I had started writing this post unfortunately the day Robin Williams died. I am not a television, music or show type of person. I can’t even tell you what song is on the radio or who sang it or when he or she sang the song. Pop culture is not my forte. However, I really did like Robin Williams and this is the first celeb that has ever hit home with me.

When I went to my brain injury clinic in July we decided to switch meds as I so sick of feeling yucky on Lyrica. My doc wanted me to decrease down the meds until I was completely off them and start on a new prescription. I has taking eight lyrica pills a day. Four in the morning and four in the evvening.

The first week was no biggie. Three days after I decreased one morning and one evening pill I felt a little sick to my stomach. I was positvie that this was going to be an easy ride. The next week I went down another two pills, one in the morning and one in the afternoon. Two days later, I felt sick again and I was completely stuck in bed with chills, fever, stomach pain, shakes. It was like a bad case of the flu. The only upside was that my right side still felt good. I was beginning to think that I had recovered from the neurogenic pain.

I felt sick until that sunday where I decreased another pill in the morning and one in the evening. Two days later I felt worse than I had last week. Chills, shakes, fever, stomach upset, stomach cramps. Now the week before I thought I was cured from pain. NOPE, the pain started to come on strong.

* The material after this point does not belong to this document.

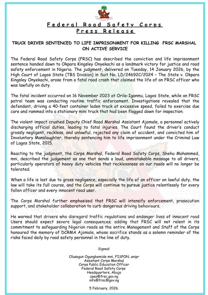 The Federal Road Safety Corps (FRSC) has described the conviction and life imprisonment of a truck driver , Okpara Onyekachi as a landmark victory for justice and road safety enforcement in Nigeria.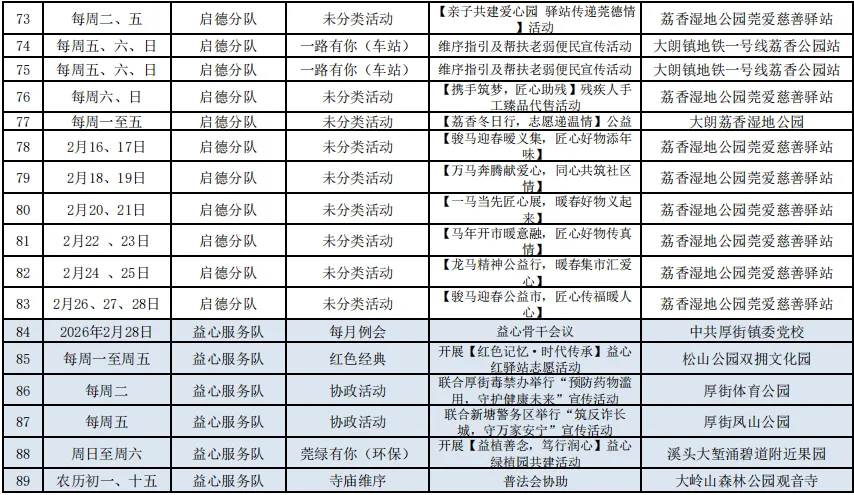目前,拓展总队下设分队与小组,协会辖属服务队,每月开展志愿服务活动 400 余场,吸引 3800 余人次参与。培育形成 “生命暖流”“城市暖流” 等系列品牌项目,常态化举办志愿者注册表彰大会、手语公益大赛等大型活动。

I started to drag my leg, and things began dropping through my right hand. My right side began to burn, have sharp pains and feel like fire ants crawling onmy skin. By Wednesday I couldn’t take it anymore, my right side has siezed up. I went to the Docs office on Thursday. I barely could concentrate driving, I was in so much pain and I felt so sick. A friend of mine said I looked grey.

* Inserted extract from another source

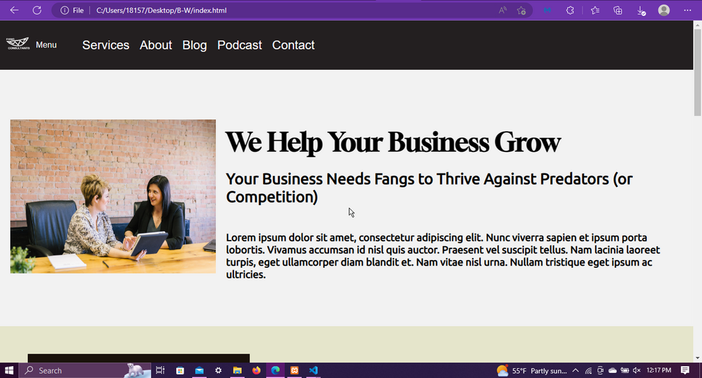 A finished website for your business. Fully packaged with the html and css, ready to customize and put online.

The Doc had me begin to tirate up on my new drug Lamotratgine. I was not to go down on anymore Lyrica for at least a week or two until the new meds kicked in.

What I experienced was withdrawl from lyrica from my system. Although Lyrica is not a narcotic drug, it does alter brain chemistry and neurotransmitters in some way to alleviate the systems, thus your body can become dependant on the drug. I think the drug does store in you fat cells causing it to take a bit to get out of your system. That is why they do not like you to stop taking the medicine without ti rating down.

It took me another three weeks to ween myself up to maintenance dose of Lamotratigine and off of Lyrica all together. Thank goodness that I had two weeks of ti rating up of meds before family came to visit us. By the time my brother and his kids visited, i started to feel energy and finally feel clear headed.

I think of myself as a strong person with a high pain tolerance, but holy hannah did I ever fool myself. I would like to give kudos for all those people who have been brave enough to face their drug and alcohol addictions face off on. To overcome physical and mental withdrawal, is a scary merry go round and now understand why it is so easy to give up. I know I couldn’t get off my prescription meds all the way without starting new ones. All you people who have faced the dragon and take intentional steps forward every day are my true heroes. I have not walked any where near your struggles and have only been given a glimpse. But that glimpse been enough for me.

I can only work towards that one day my body will be healed enough mentally and physcally to be able to get off the prescription drugs. In the meantime, I will take each day with small forward steps with a clear positive mind with the help of my mediciation.